EXERCISE.
The line holding "豆苗の肉巻き 梅ポンソース" is the last one to output; start at the first line of the data, keep every line in between exactly, and leave out pictures.

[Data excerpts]
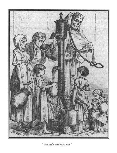 1848년 영국 보건당국의 <콜레라법>은 그 당시 상식으로는 자연스러운 결과였다. 콜레라법은 도시의 모든 오물, 정확하게는 도시의 모든 똥무더기들을 아무런 조치 없이 템스강으로 흘려보내 없애려는 법이었다. 기존에 지하실이나 집 근처 땅, 지하실에 파묻던 이런 오물들이 콜레라와 같은 도시의 질병을 키운다는 문제의식에 근거했다. 하지만 이는 전염병을 되레 키우는, 재앙에 가까운 일이었다.
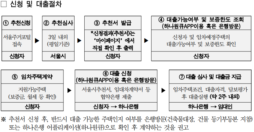 3) 지원 내용 : 서울시 지원 금리는 대출금의 연 2% (대출금리 - 서울시 지원금리)
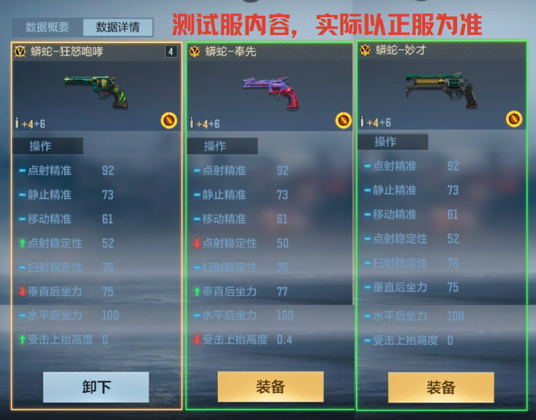 在操作性能上,蟒蛇-狂怒咆哮的点射稳定性和受击上抬高度优于蟒蛇-奉先,但垂直后坐力表现不如后者;其操作数据与蟒蛇-妙才一致,没想到蟒蛇-狂怒咆哮如此给力。
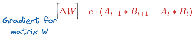 为简化起见,考虑以下步骤 t+1 和 t 所示的低秩矩阵乘积:
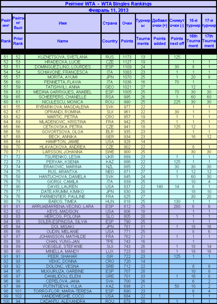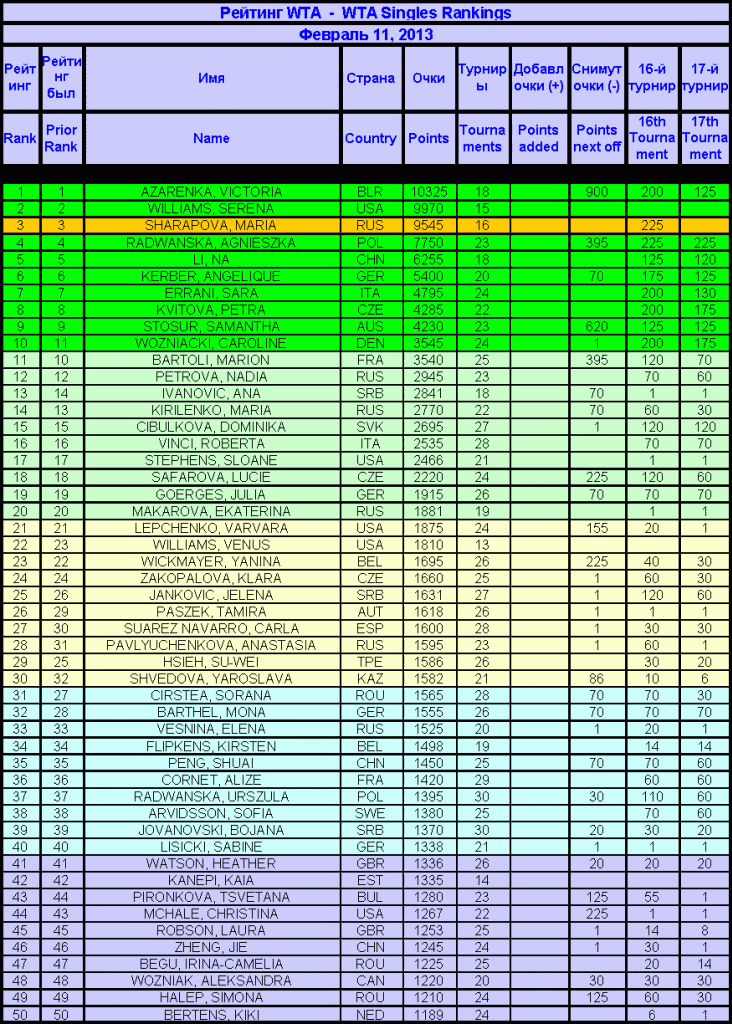 Этот рейтинг подробнее. Здесь для всех теннисисток можно увидеть сколько очки им были добавлены на этой недели, сколько очки будут сняты на следующей недели и сколько очки носит их 16-й и 17-й турнир.
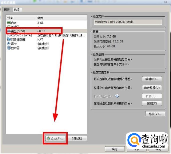 找到“硬盘”选项,选择“添加”
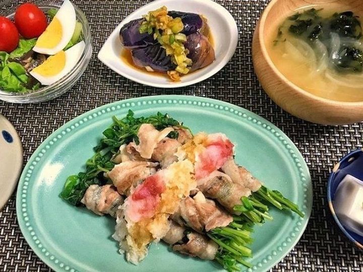 豆苗の肉巻き 梅ポンソース
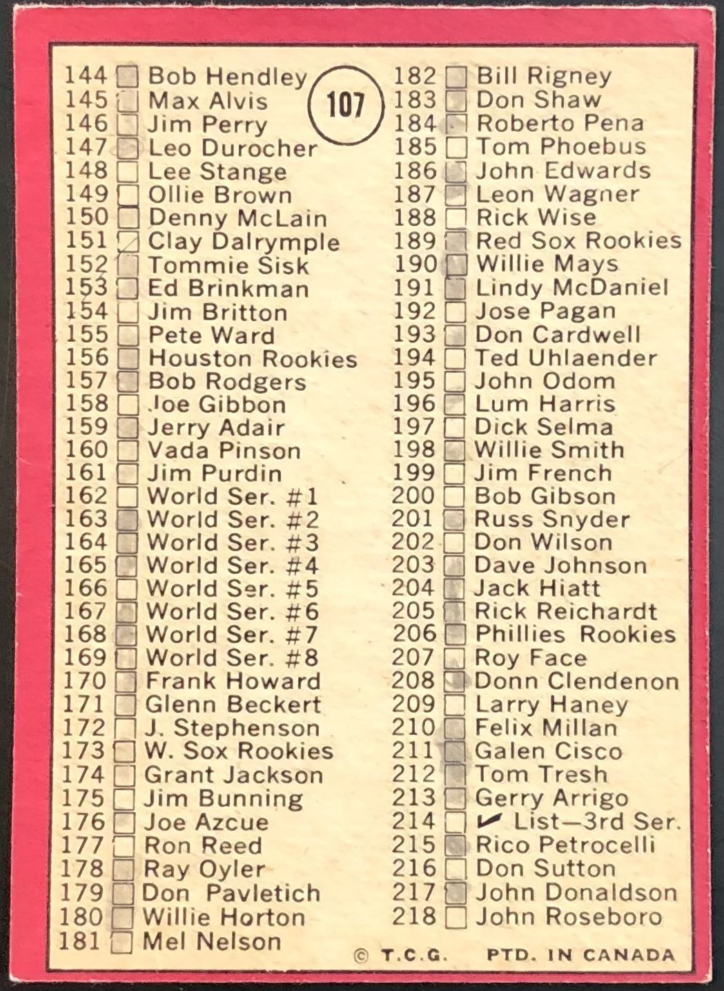 Card #107, some faint ink OPC, vintage, MLB, baseball, hall of fame
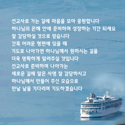 "선교사로 가는 길에 마음을 모아 응원합니다 하나님의 은혜 안에 준비하며 성장하는 기간 되세요 잘 감당하실 것으로 믿습니다 간혹 어려운 형편에 있을 때 기도로 나아가면 하나님께서 원하시는 길을 더욱 명확하게 알려주실 것입니다 선교사로 준비하며 나아가는 새로운 길에 맡은 사명 잘 감당하시고 하나님께서 만들어 주신 모습으로 만날 날을 기다리며 기도하겠습니다."
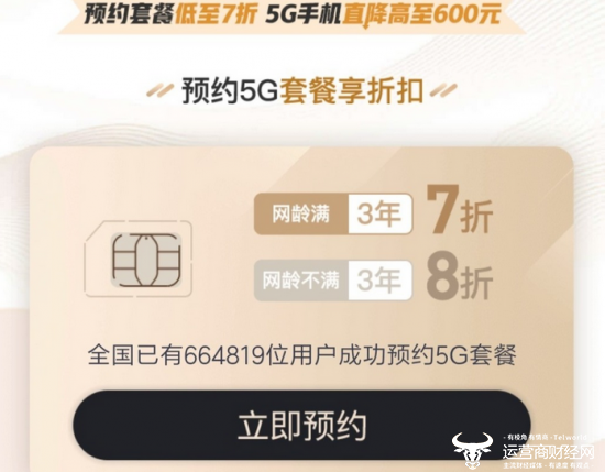 去年10月底,三大运营商在预约5G套餐的官方页面上纷纷对老用户提供了办理套餐的优惠折扣。根据不同的网龄享受7-8折的优惠。除了5G套餐优惠以外,三大运营商还为用户提供了5G手机购机优惠,众多5G机型均有一定幅度的优惠。

ANSWER SECTION.
 1848년 영국 보건당국의 <콜레라법>은 그 당시 상식으로는 자연스러운 결과였다. 콜레라법은 도시의 모든 오물, 정확하게는 도시의 모든 똥무더기들을 아무런 조치 없이 템스강으로 흘려보내 없애려는 법이었다. 기존에 지하실이나 집 근처 땅, 지하실에 파묻던 이런 오물들이 콜레라와 같은 도시의 질병을 키운다는 문제의식에 근거했다. 하지만 이는 전염병을 되레 키우는, 재앙에 가까운 일이었다.
 3) 지원 내용 : 서울시 지원 금리는 대출금의 연 2% (대출금리 - 서울시 지원금리)
 在操作性能上,蟒蛇-狂怒咆哮的点射稳定性和受击上抬高度优于蟒蛇-奉先,但垂直后坐力表现不如后者;其操作数据与蟒蛇-妙才一致,没想到蟒蛇-狂怒咆哮如此给力。
 为简化起见,考虑以下步骤 t+1 和 t 所示的低秩矩阵乘积:
 Этот рейтинг подробнее. Здесь для всех теннисисток можно увидеть сколько очки им были добавлены на этой недели, сколько очки будут сняты на следующей недели и сколько очки носит их 16-й и 17-й турнир.
 找到“硬盘”选项,选择“添加”
 豆苗の肉巻き 梅ポンソース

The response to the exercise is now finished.